MCC, BTD, and HCS are the most prevalent disorders included on this panel affecting approximately 1 in 50,000, 1 in 60,000, and 1 in 87,000 live births, respectively (Wolf et al. 2000. PubMed: 20301497, Baumgartner et al. 2001. PubMed ID: 11181649). HMGCL, MGA1, and β-ketothiolase deficiency are much rarer with less than ~250 individuals reported in the medical literature.

Molecular testing can be useful for confirmation of a genetic cause associated with elevated C5-hydroxyacylcarnitine on newborn screening or plasma acylcarnitine. Since this can be associated with multiple conditions, molecular diagnosis may help with determining appropriate treatment measures and allow for appropriate screening for potential future symptoms. 

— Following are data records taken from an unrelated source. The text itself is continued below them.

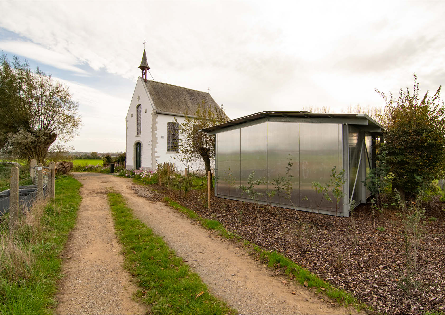 Une chapelle du XVIIe siècle située au milieu d'un champ dans la région de Dender est réaménagée en habitation. Une structure légère en acier est adossée contre le mur est et rend l'espace généreux habitable.
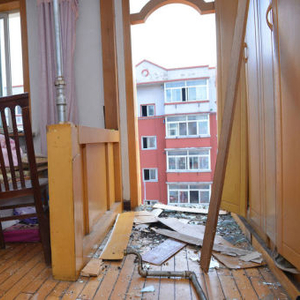 我去阳台瞅一眼,合计做什么晚饭,然后走到这里,轰隆一声全都下来了,给我吓得心嘣嘣跳,我就往门口跑,左邻右舍就敲门说,大姨快开门,你快出来吧,又是烟,呛,煤气味,我就说不出话了。
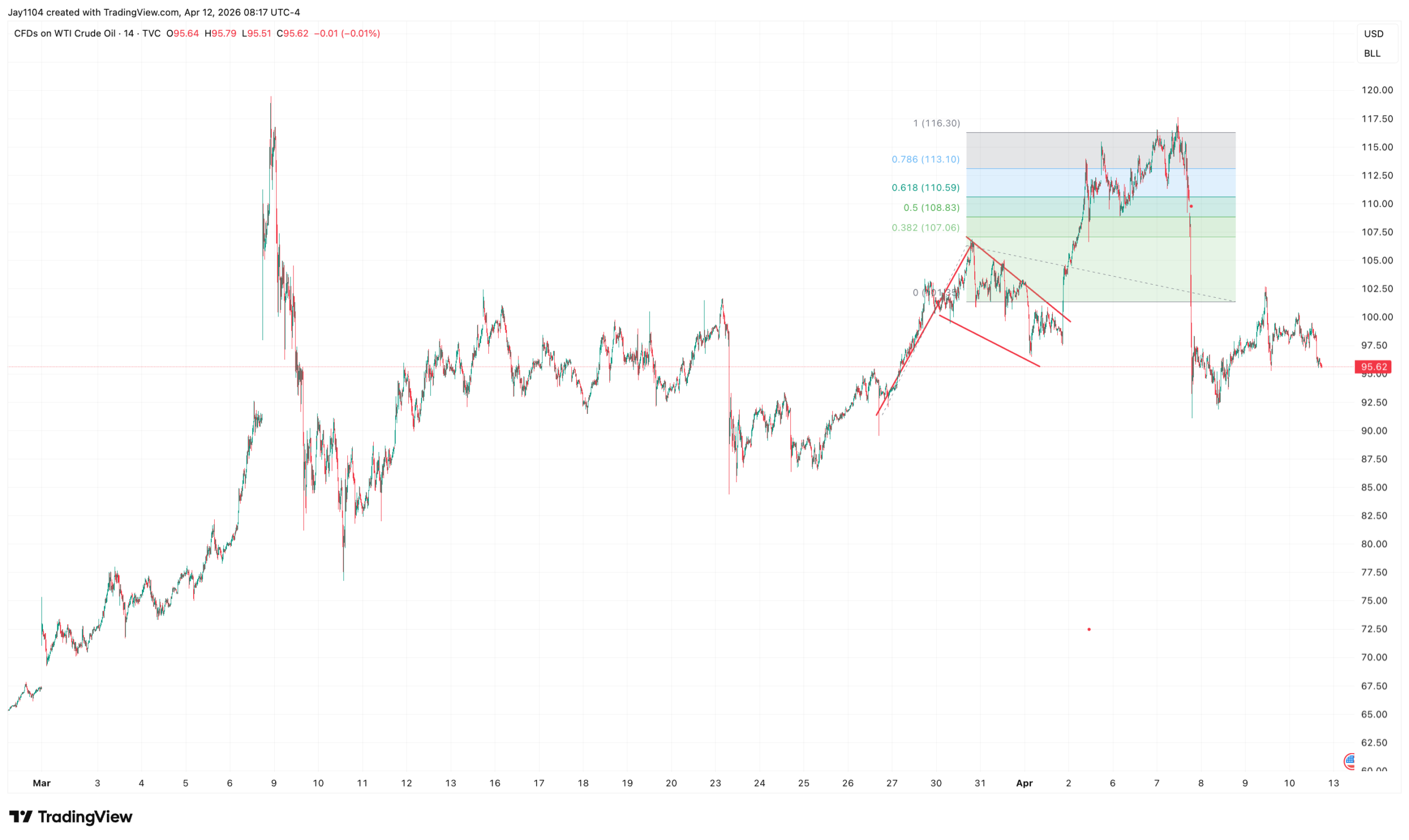 That would suggest there is a chance that some, if not all, of the sharp drop in oil is reversed, with WTI potentially moving back toward the $105 to $110 range. That would not be surprising. Straight-line declines like the one seen on the charts can at times be treated like gaps, and more recently, oil prices have shown a tendency to retrace those types of moves.

This sequencing panel includes genes associated with inborn errors of metabolism that may result in elevated C5-hydroxyacylcarnitine on newborn screening or plasma acylcarnitine analysis. All conditions covered by this test are inherited in an autosomal recessive mode of inheritance. Pathogenic defects in the genes in this panel include missense, nonsense, splice site variants, small deletions, small insertions/duplications, small indels, and exon-level large deletions (Human Gene Mutation Database). See individual gene summaries for more information about molecular biology of gene products and spectra of pathogenic variants.

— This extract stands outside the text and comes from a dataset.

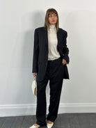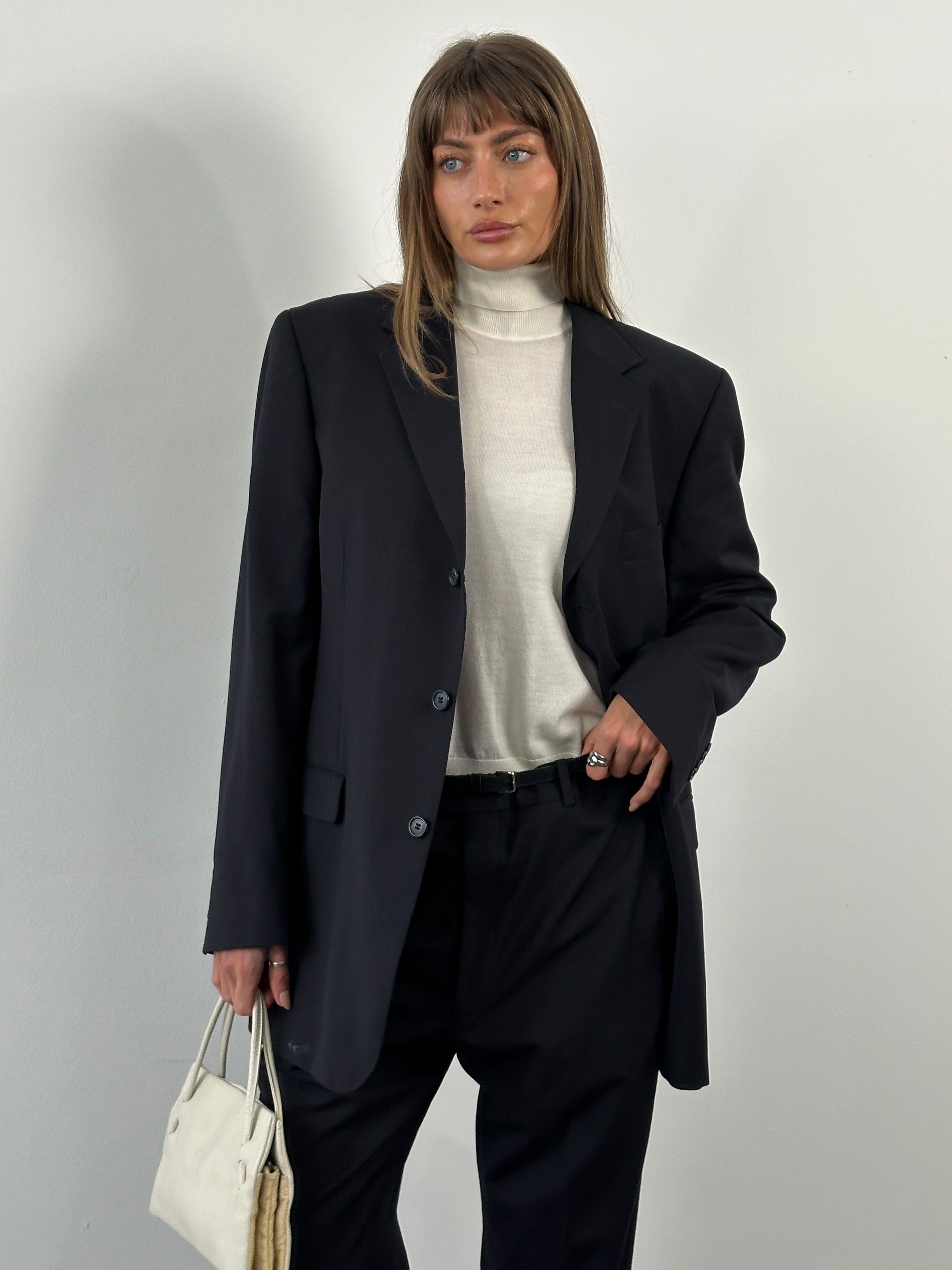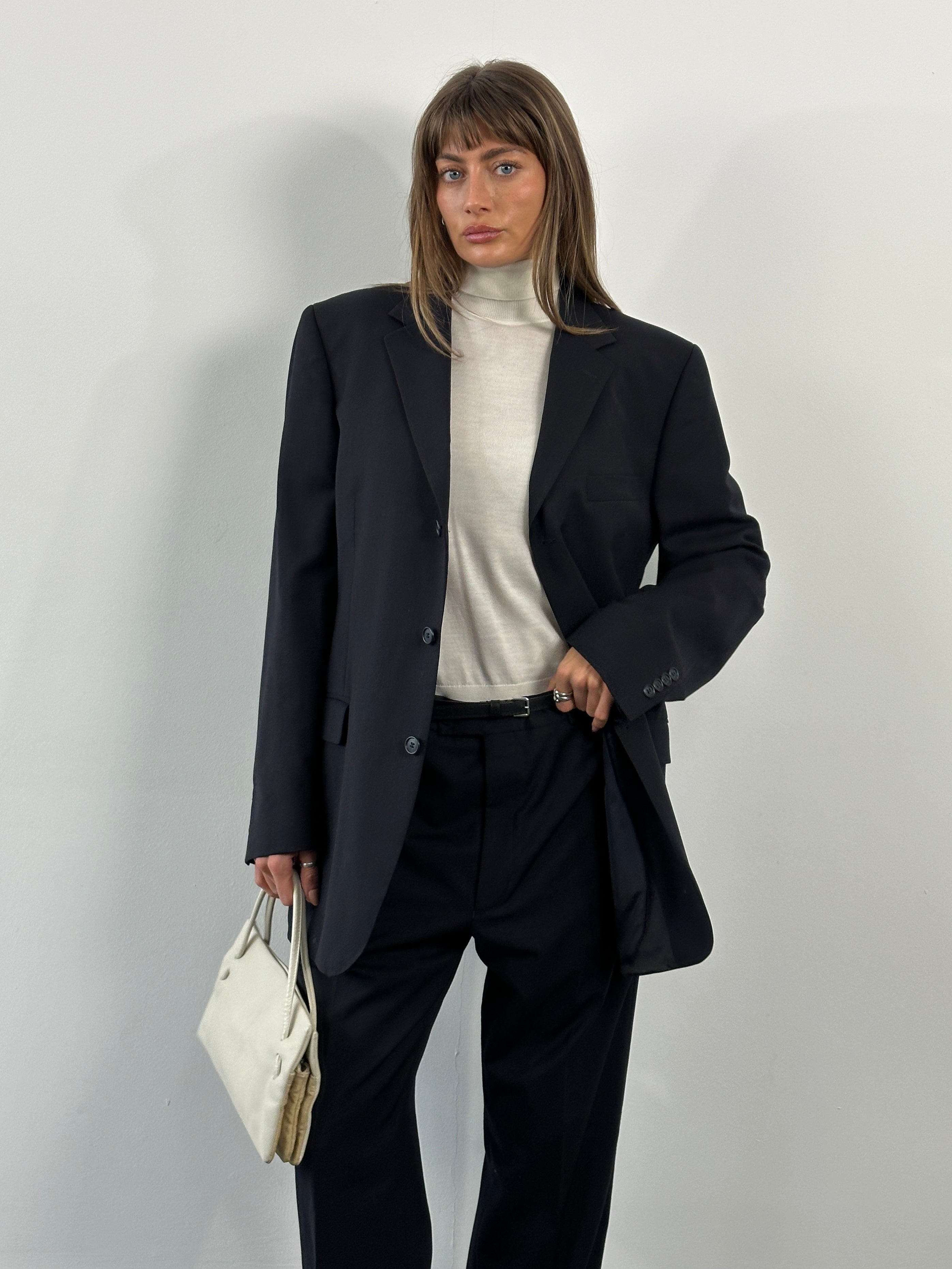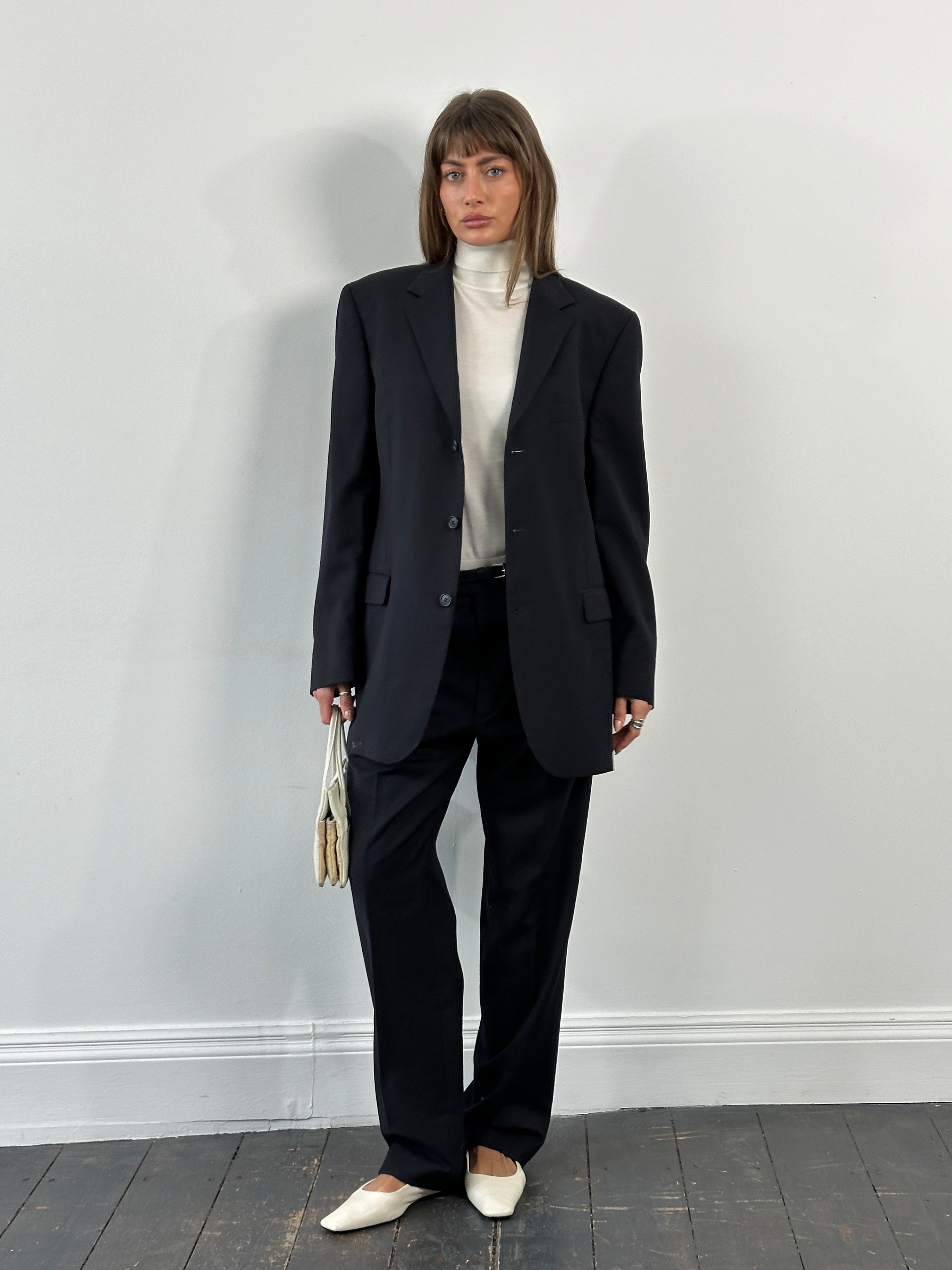 A vintage 1990s Yves Saint Laurent pour homme single breasted suit in a deep navy tone. A refined tailored set with clean lines and a structured drape.

The clinical sensitivity of this specific grouping of genes is difficult to estimate as we are unaware of any reports in the literature in which these genes have been sequenced together in a patient cohort with elevated 5-hydroxyacylcarnitine as the primary indication for testing. The clinical sensitivity of sequencing the relevant gene(s) in patients with biochemical or enzymatic diagnoses of the relevant disorders is expected to be high; details are available on the individual gene test description pages.

This test is performed using Next-Gen sequencing with additional Sanger sequencing as necessary.

This panel provides 100% coverage of all coding exons of the genes plus 10 bases of flanking noncoding DNA in all available transcripts along with other non-coding regions in which pathogenic variants have been identified at PreventionGenetics or reported elsewhere. We define coverage as ≥20X NGS reads or Sanger sequencing. PGnome panels typically provide slightly increased coverage over the PGxome equivalent. PGnome sequencing panels have the added benefit of additional analysis and reporting of deep intronic regions (where applicable).

Dependent on the sequencing backbone selected for this testing, discounted reflex testing to any other similar backbone-based test is available (i.e., PGxome panel to whole PGxome; PGnome panel to whole PGnome).